START Data for processing
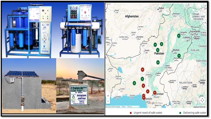 Founded by Abdul Majid Adam, a 1969 graduate of NED University, Karachi, Saaf Paani designs and engineers safe water systems for water-stressed regions across Pakistan. Currently, it is active in rural Sindh and parts of Karachi, where water salinity levels exceed safe limits (TDS > 1000). To address this, the organization installs Reverse Osmosis (RO) plants that reduce TDS to around 250, making the water safe to drink.
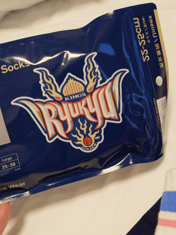 ファミマのソックスは石垣島で買ったんだけど、よく見たらRyukyuって書いてあってバスケットボールのマークがあるから、バスケットボールとコラボなのかな?
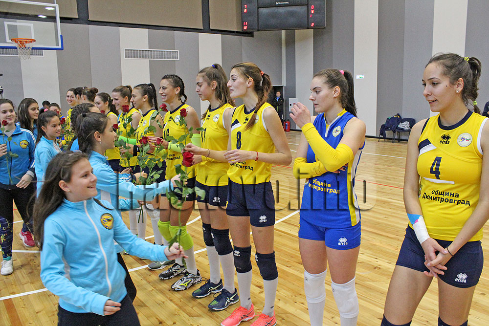 В началото състезателките бяха зарадвани с рози, а многобройната публика в залата подкрепяше момичетата на терана с овации.
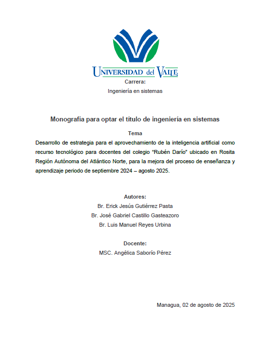 El presente estudio tiene como finalidad proponer una estrategia para la implementación de la inteligencia artificial (IA) como recurso tecnológico en el proceso de enseñanza-aprendizaje en el Colegio “Rubén Darío”, ubicado en Rosita, Región Autónoma de la Costa Caribe Norte de Nicaragua. La investigación surge ante las limitaciones estructurales, formativas y tecnológicas que enfrenta la institución, especialmente en lo relacionado con el uso pedagógico de tecnologías emergentes. A nivel internacional, la IA ha demostrado su potencial para personalizar el aprendizaje y mejorar los resultados académicos, y su incorporación en contextos rurales representa una oportunidad para reducir brechas educativas. En el contexto nacional, el Ministerio de Educación (MINED) promueve la digitalización educativa, aunque reconoce los obstáculos existentes en infraestructura, conectividad y capacitación docente, particularmente en zonas rurales. El estudio utiliza una metodología cualitativa-cuantitativa con enfoque participativo, considerando entrevistas, encuestas y análisis institucional, y plantea una propuesta de implementación que incluye fases de diagnóstico, capacitación docente, desarrollo de herramientas tecnológicas y monitoreo. La propuesta está alineada con los Objetivos de Desarrollo Sostenible (ODS),
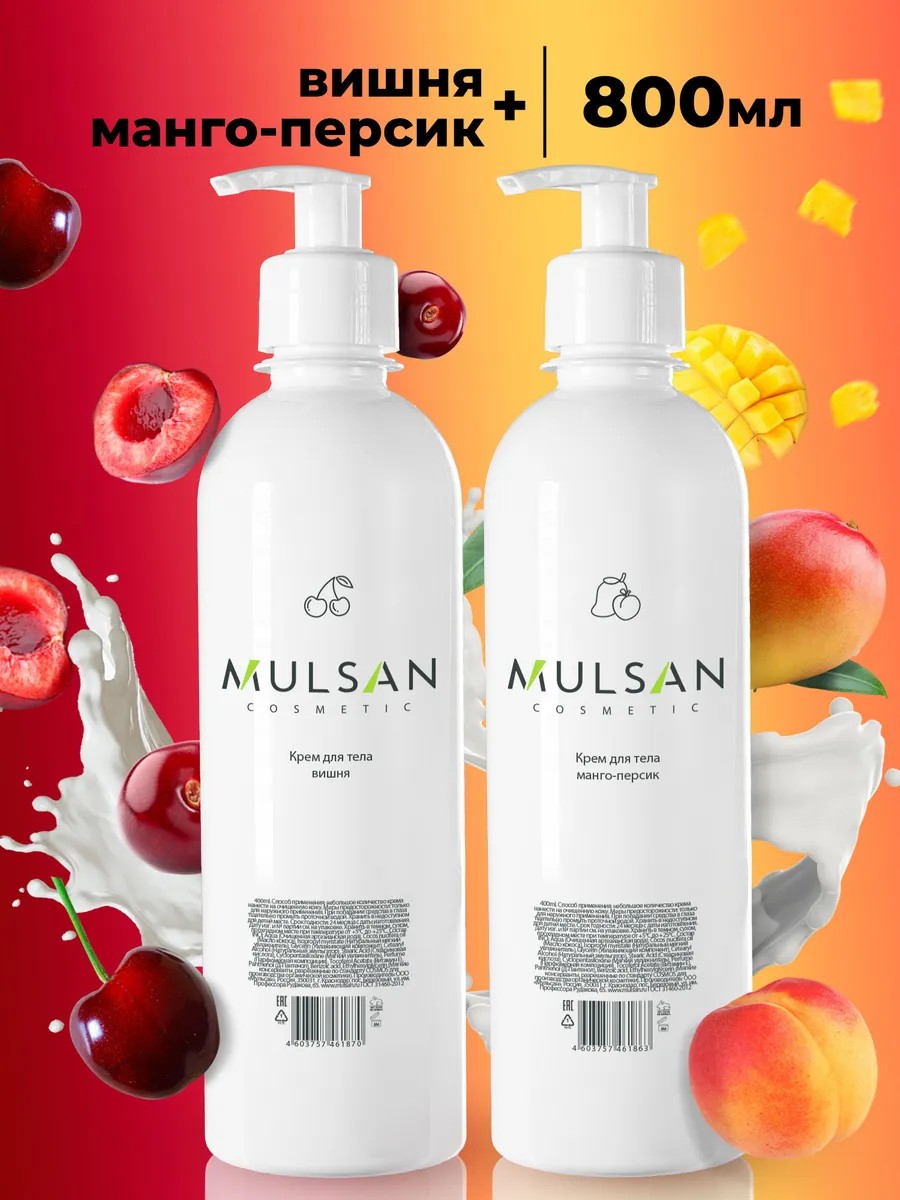 The MULSAN body cream set, featuring incredible scents of mango-peach and cherry, comes in 400 ml bottles. These unique cosmetics provide gentle hydration and nourishment.
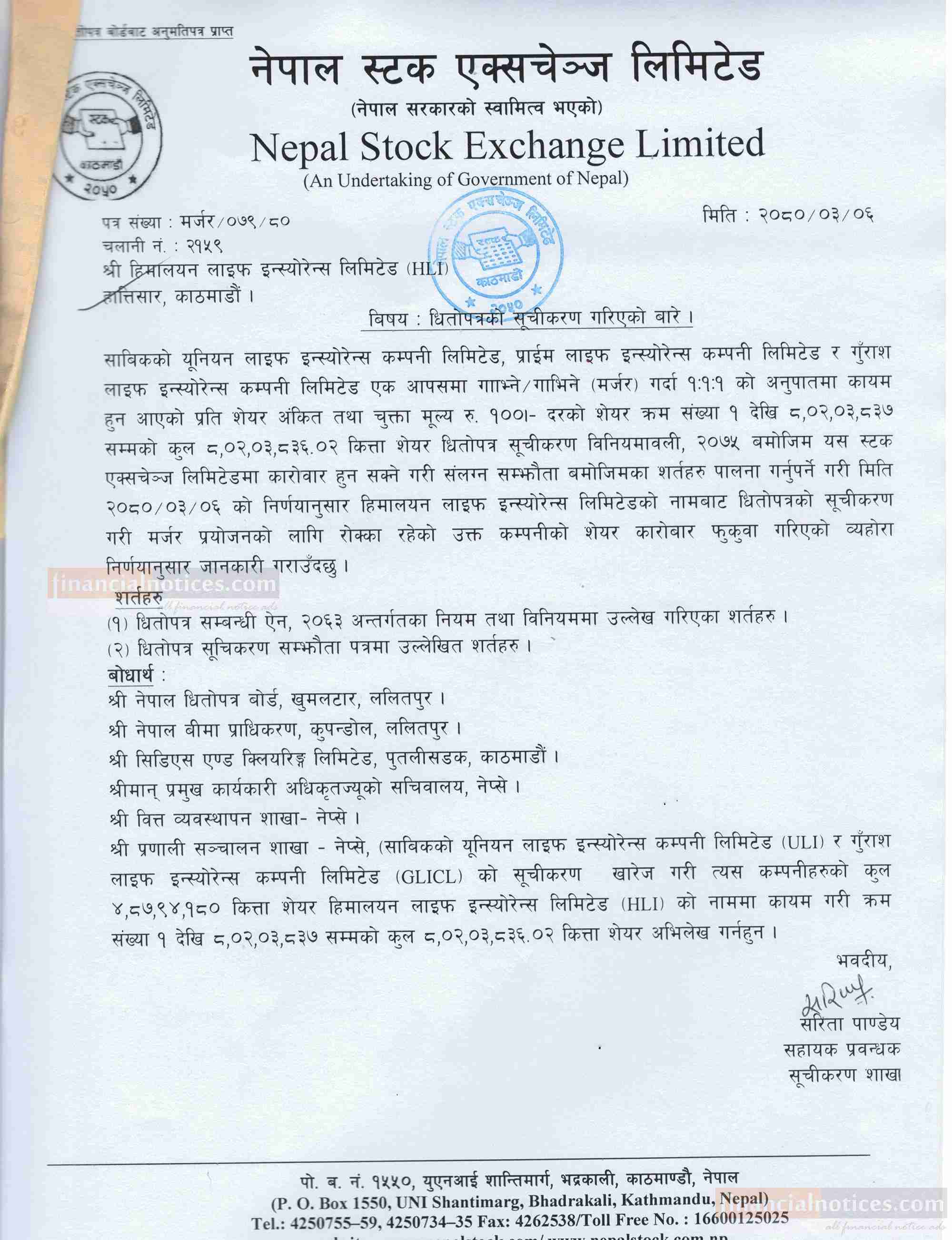 Published by Himalayan Life Insurance Limited on 2080-3-06
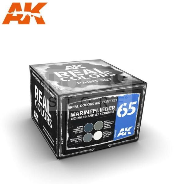 AK Interactive - REAL COLORS MARINEFLIEGER NORM 76 AND 87 SCHEMES - festékszett RCS065 Tematikus festékszett 4 darab AK Real Color festékkel. Magas miőségű akril lakk bázisú festékszett modellezéshez-makettezéshez. Használatával a lehető legpontosabb színeket érhetjük el méretarányos modelljeinken. Rendkívül jól használható festékszóróval. Az AK -Interactive Real Color f
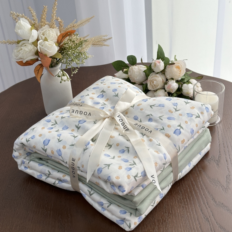 商品名称:黛馨家居2025新款全棉A类小清新双层纱四件套-系列二 浅浅
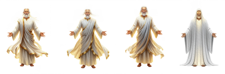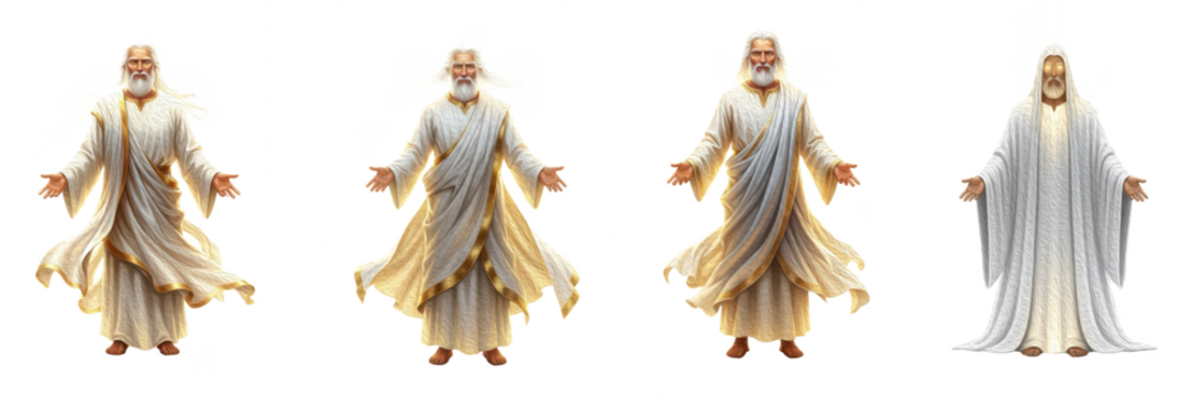 Set of majestic ancient Greek god Zeus characters with golden robes and divine light for mythology designs, PNG, Oil Paint
END Data for processing
* **Task details**
Give again exactly the lines from the one holding "AK Interactive - REAL" to the final line of the records, both ends included; any pictures stay out.

* **Solved exercise**
 AK Interactive - REAL COLORS MARINEFLIEGER NORM 76 AND 87 SCHEMES - festékszett RCS065 Tematikus festékszett 4 darab AK Real Color festékkel. Magas miőségű akril lakk bázisú festékszett modellezéshez-makettezéshez. Használatával a lehető legpontosabb színeket érhetjük el méretarányos modelljeinken. Rendkívül jól használható festékszóróval. Az AK -Interactive Real Color f
 商品名称:黛馨家居2025新款全棉A类小清新双层纱四件套-系列二 浅浅
 Set of majestic ancient Greek god Zeus characters with golden robes and divine light for mythology designs, PNG, Oil Paint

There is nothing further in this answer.